I need my hamster to calm my nerves, i got work on friday but the tickets are coming out :o

I’m going to work so i could aford my flight tickets, but they wil be a waste if i don’t get the concert tickets…

Money makes us all grow up.

Money make us all look old.

Money simplifies things;

But Nothing is ever simple when money is involved.

Money is involved in everything.

-MStatic-

[I just made a decision to follow my dream that will cost me in the future]

I have been working diligently, becouse i want to save money. I hope to get to one of the JYJ the beginnng showcase. It’s very hard as i should be buying other stuff, but if i stop dreaming of this trip my will to work will also disappiere. dreams are to be made true.

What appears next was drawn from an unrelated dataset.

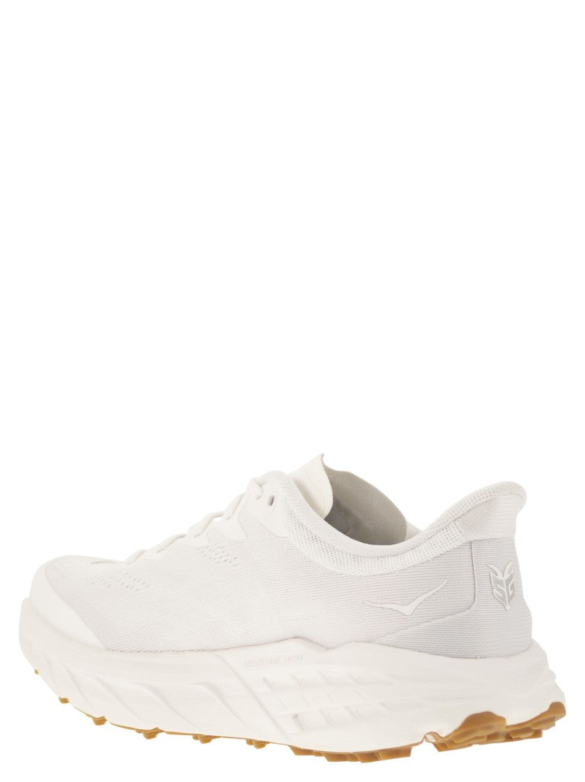 Hoka's Speedgoat 5 running shoes elevate trail performance with a cutting-edge design. The technical double-layered jacquard mesh upper guarantees breathability and lightweight agility. Designed for technical trails, these shoes feature a Vibram® Megagrip sole for outstanding traction and stability on tough terrains. Comfort is enhanced by a reinforced toe and flat gusseted tongue, while the cushioned EVA midsole offers excellent support. Ideal for adventurous runners, these sneakers empower you to tackle any path confidently.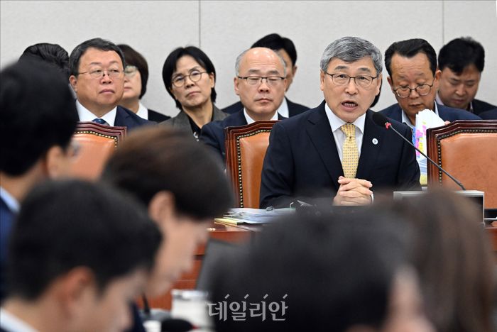 정근식 서울시교육감이 20일 서울 여의도 국회에서 열린 국회 교육위원회의 서울·경기·인천 교육청 등에 대한 2025 국정감사에서 질의에 답변하고 있다.

It is my biggest wish at the moment to go there.
But i have to start thinking of other possibilites becouse winter is coming and it will start getting cold in Finland (it allready is). I have to buy new thicker clothes yet save money for the plain, hotell and show tickets..(If i even get the tickets…..)

It’s not easy to live this way, but it’s my way?

…It seems like I’m probably not getting the luxury edition as they only made  99 999 copies…
and suppliers have sold  over 300 000 in pre-sales :< but they promised special features still…

I only ordered it this week when i got money.. i stayed up till 4 am for the pre sale and failed to get it from cdjapan but at least i got it from yesasia at 10 am..
It’s the power of cassies, cdjapan sold out in less then 5 minutes.. I really hope i get tickets for the showcase, but i doubt because I’m not native and it takes time for me to figure out all the ordering stuff…

I already planned the flights and the hotel if i get tickets..
I don’t even have enough money for it but I’m gonna take a loan.
Now that i have work i can later figure out the payment installments too..

But it all depends do i even get tickets to any of the usa showcases…
I’m 90 wanting to see them but 10 procent sadness i cant see all 5 of them but that 10 is filled with a desire to travel outside scandinavia for the first time in my life..

There is alot of i wish, i hope, i dream in my plans, but i need them all and most of all Luck!

I should be doing schoolwork but instead I’m surfing thru topshop~~

Todays LMFAO @ freda51..
i still haven’t bought a ticket..
Right now i need motivation why to go there cos I’m tired and bored at Helsinki from yesterday.. (and a bit more moneyless)..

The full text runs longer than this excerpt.